## Task details:
All of the data needs to be printed again, exactly as written.

##### Records to use #####

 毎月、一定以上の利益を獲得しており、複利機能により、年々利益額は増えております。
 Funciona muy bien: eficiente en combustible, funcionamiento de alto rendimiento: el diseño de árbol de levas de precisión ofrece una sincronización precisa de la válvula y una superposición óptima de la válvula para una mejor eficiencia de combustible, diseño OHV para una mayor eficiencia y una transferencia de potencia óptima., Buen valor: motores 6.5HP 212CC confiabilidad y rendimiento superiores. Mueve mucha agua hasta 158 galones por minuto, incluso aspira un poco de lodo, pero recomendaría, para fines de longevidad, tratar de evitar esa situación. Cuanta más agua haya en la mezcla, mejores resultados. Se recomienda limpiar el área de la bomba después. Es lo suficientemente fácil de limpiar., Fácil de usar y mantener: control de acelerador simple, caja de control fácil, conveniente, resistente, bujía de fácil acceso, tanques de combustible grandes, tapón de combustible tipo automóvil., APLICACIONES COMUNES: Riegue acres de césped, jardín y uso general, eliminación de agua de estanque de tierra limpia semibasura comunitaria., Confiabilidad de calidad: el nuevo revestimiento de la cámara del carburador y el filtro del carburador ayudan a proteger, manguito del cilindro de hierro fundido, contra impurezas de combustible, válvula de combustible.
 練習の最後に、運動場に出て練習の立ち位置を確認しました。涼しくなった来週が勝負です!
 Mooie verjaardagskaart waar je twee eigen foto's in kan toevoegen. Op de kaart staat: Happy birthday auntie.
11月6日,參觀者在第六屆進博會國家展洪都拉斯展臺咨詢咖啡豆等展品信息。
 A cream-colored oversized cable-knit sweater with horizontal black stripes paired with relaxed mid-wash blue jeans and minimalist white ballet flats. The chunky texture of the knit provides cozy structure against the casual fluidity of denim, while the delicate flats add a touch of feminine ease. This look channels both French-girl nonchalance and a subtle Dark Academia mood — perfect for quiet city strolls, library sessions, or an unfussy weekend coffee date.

#####

## Written answer:
 毎月、一定以上の利益を獲得しており、複利機能により、年々利益額は増えております。
 Funciona muy bien: eficiente en combustible, funcionamiento de alto rendimiento: el diseño de árbol de levas de precisión ofrece una sincronización precisa de la válvula y una superposición óptima de la válvula para una mejor eficiencia de combustible, diseño OHV para una mayor eficiencia y una transferencia de potencia óptima., Buen valor: motores 6.5HP 212CC confiabilidad y rendimiento superiores. Mueve mucha agua hasta 158 galones por minuto, incluso aspira un poco de lodo, pero recomendaría, para fines de longevidad, tratar de evitar esa situación. Cuanta más agua haya en la mezcla, mejores resultados. Se recomienda limpiar el área de la bomba después. Es lo suficientemente fácil de limpiar., Fácil de usar y mantener: control de acelerador simple, caja de control fácil, conveniente, resistente, bujía de fácil acceso, tanques de combustible grandes, tapón de combustible tipo automóvil., APLICACIONES COMUNES: Riegue acres de césped, jardín y uso general, eliminación de agua de estanque de tierra limpia semibasura comunitaria., Confiabilidad de calidad: el nuevo revestimiento de la cámara del carburador y el filtro del carburador ayudan a proteger, manguito del cilindro de hierro fundido, contra impurezas de combustible, válvula de combustible.
 練習の最後に、運動場に出て練習の立ち位置を確認しました。涼しくなった来週が勝負です!
 Mooie verjaardagskaart waar je twee eigen foto's in kan toevoegen. Op de kaart staat: Happy birthday auntie.
11月6日,參觀者在第六屆進博會國家展洪都拉斯展臺咨詢咖啡豆等展品信息。
 A cream-colored oversized cable-knit sweater with horizontal black stripes paired with relaxed mid-wash blue jeans and minimalist white ballet flats. The chunky texture of the knit provides cozy structure against the casual fluidity of denim, while the delicate flats add a touch of feminine ease. This look channels both French-girl nonchalance and a subtle Dark Academia mood — perfect for quiet city strolls, library sessions, or an unfussy weekend coffee date.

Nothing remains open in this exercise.